- _Task inputs_

---+---

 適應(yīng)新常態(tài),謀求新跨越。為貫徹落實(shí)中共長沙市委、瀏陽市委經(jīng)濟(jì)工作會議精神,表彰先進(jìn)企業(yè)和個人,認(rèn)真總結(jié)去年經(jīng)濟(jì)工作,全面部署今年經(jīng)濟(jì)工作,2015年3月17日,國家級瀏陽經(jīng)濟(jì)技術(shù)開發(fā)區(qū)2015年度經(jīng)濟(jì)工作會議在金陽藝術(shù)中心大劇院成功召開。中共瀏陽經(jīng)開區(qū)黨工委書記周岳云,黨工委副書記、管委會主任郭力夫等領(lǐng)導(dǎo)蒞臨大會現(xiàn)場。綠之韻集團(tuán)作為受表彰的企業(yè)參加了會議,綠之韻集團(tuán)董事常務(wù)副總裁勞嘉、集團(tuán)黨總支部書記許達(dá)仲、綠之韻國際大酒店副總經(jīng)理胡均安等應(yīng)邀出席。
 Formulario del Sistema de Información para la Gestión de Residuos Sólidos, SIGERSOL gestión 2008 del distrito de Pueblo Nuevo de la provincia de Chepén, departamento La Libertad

---+---

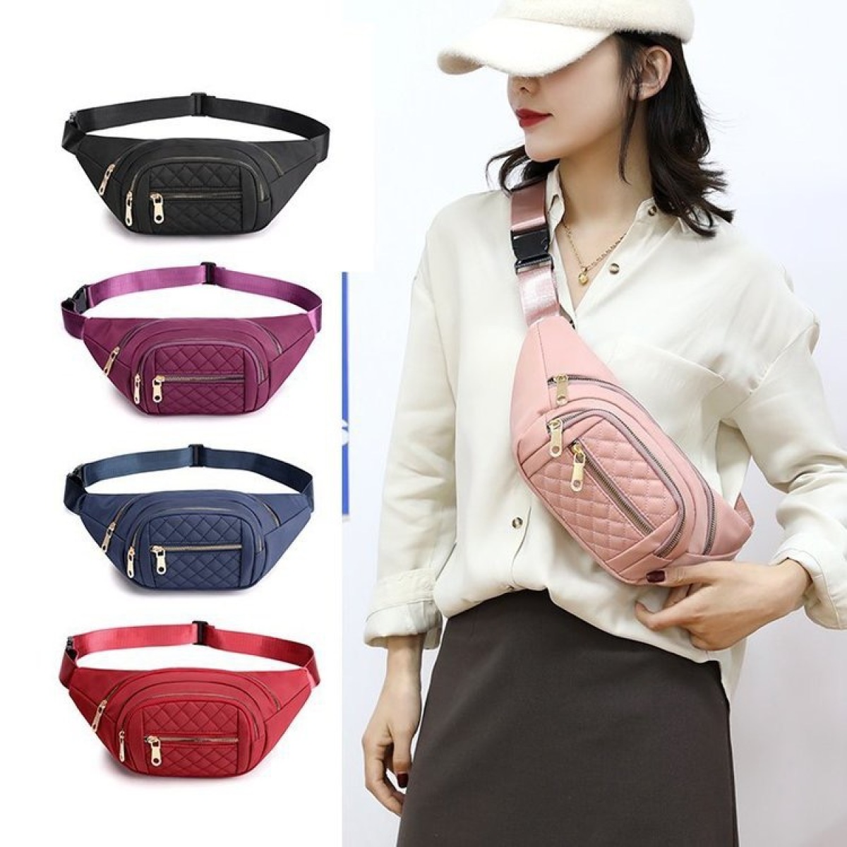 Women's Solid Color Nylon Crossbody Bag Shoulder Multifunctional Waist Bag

---+---

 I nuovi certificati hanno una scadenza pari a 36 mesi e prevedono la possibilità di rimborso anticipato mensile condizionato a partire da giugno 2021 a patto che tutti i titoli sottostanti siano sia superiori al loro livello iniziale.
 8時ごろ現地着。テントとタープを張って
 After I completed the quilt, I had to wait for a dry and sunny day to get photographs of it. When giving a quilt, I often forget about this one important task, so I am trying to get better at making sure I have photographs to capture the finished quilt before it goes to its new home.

---+---

- _Aim of the task_
Begin with the line above that has "8時ごろ現地着。テントとタープを張って" and continue through the line that has "After I completed", setting each one down exactly. Stop there.

- _Output_
 8時ごろ現地着。テントとタープを張って
 After I completed the quilt, I had to wait for a dry and sunny day to get photographs of it. When giving a quilt, I often forget about this one important task, so I am trying to get better at making sure I have photographs to capture the finished quilt before it goes to its new home.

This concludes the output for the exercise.